But Levi hasn’t just balanced computer science and hockey; he’s blended them. When he was sidelined with a fractured rib in 2021 and unable to step on the ice, he used VR platform Sense Arena to improve his puck tracking. He found the device so smooth and realistic that he still uses it for warm-ups, and says it has piqued his interest in pursuing similar hockey-and-computer-science projects down the road.
Levi has also found two pertinent overarching lessons at the nexus of these two passions. One comes courtesy of Marco Raimondo, Levi’s goalie coach from back home in Montreal, who compared hockey games to tests in class: the more you study during the week, the higher your confidence, and the better your performance.
“[Levi] has an engineer’s mind, where things add up to a final answer; that’s how I see him compute the game,” Raimondo told The Athletic in July. “He always does these little things that prove that he’s special. He’s that much different than everybody else.”

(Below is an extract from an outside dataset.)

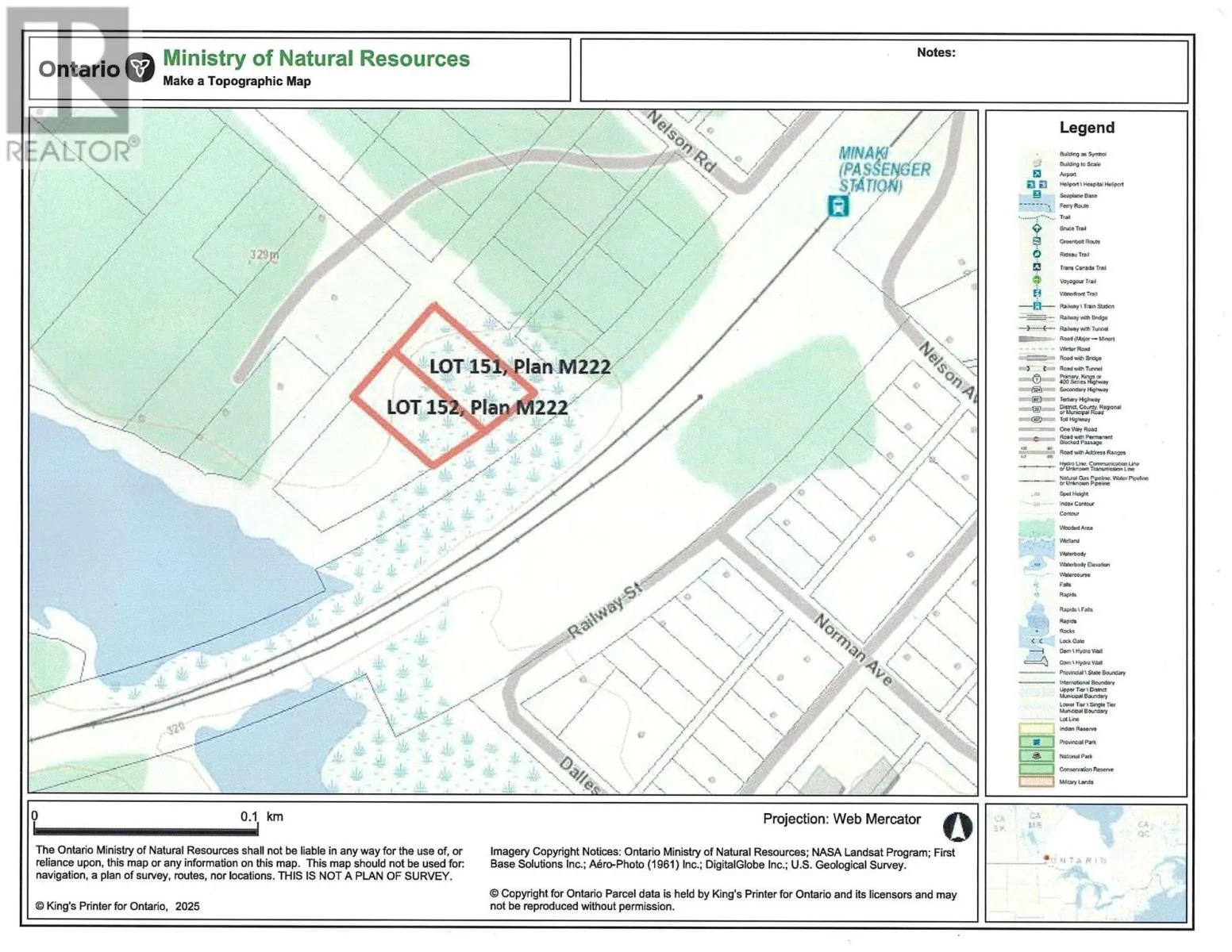 From the Kenora by-pass, travel Hwy 596 north approx. 45-kms to Minaki. Continue driving until you see the CNR station on your left. Cross the tracks and turn left onto Front Street. Follow to Nelson Avenue, then left onto Road 14. The road is not currently developed right to this property. Vacant treed lot on titled land located in the Minaki townsite. Suitable for camper or RV. .84 of an acre with 134' south facing frontage. There are marinas for boat docking, a convenience store, Community Centre and a seasonal restaurant. The road is not currently developed right to this site and therefore further development will be required for access. Hydro is available nearby. There is no time line for development. This area is unorganized and taxes are currently $117.00 annually. 13% HST and Ontario Land Transfer tax ($100.00 based on $20k)) applies to the purchase price. (id:27476)

The other lesson is more on the nose.
“The way you learn to approach CS problems is applicable in life, and to my sport,” Levi explains. “There will always be problems when you’re playing — you’re getting scored on, something’s not going right — and it’s like there’s a bug in your code. You’ve got to find the mistake and fix it.”
The success of Levi’s lessons is inarguable. In the World Junior Championship with Team Canada, he stonewalled top international talent with a record .964 save percentage. Last season, he won the Richter Award as college hockey’s best goalie, posting outlandish numbers and launching the Huskies to their first-ever Hockey East regular-season title. This season, he broke the team’s career shutout record, accomplishing in 41 games what former record holder Chris Rawlings couldn’t do in 123.
His stock didn’t start sky-high by NHL standards; at six feet even, Levi is at least two inches shorter than most elite goaltenders, which helps to explain why he stayed on the 2020 draft board until the Florida Panthers selected him sixth to last. After the Panthers traded his rights to the Sabres, Levi exhibited the same forge-his-own-road approach he’s always shown, content to marinate and develop at the college level. He hasn’t decided when he’ll go pro; he’s enjoying his time in college, and the Sabres haven’t rushed him, confident in his growth strategy. After all, he’s made unexpected, atypical decisions about when to jump levels before, and — powered by stellar athleticism and clever positioning in net — exceeded all expectations.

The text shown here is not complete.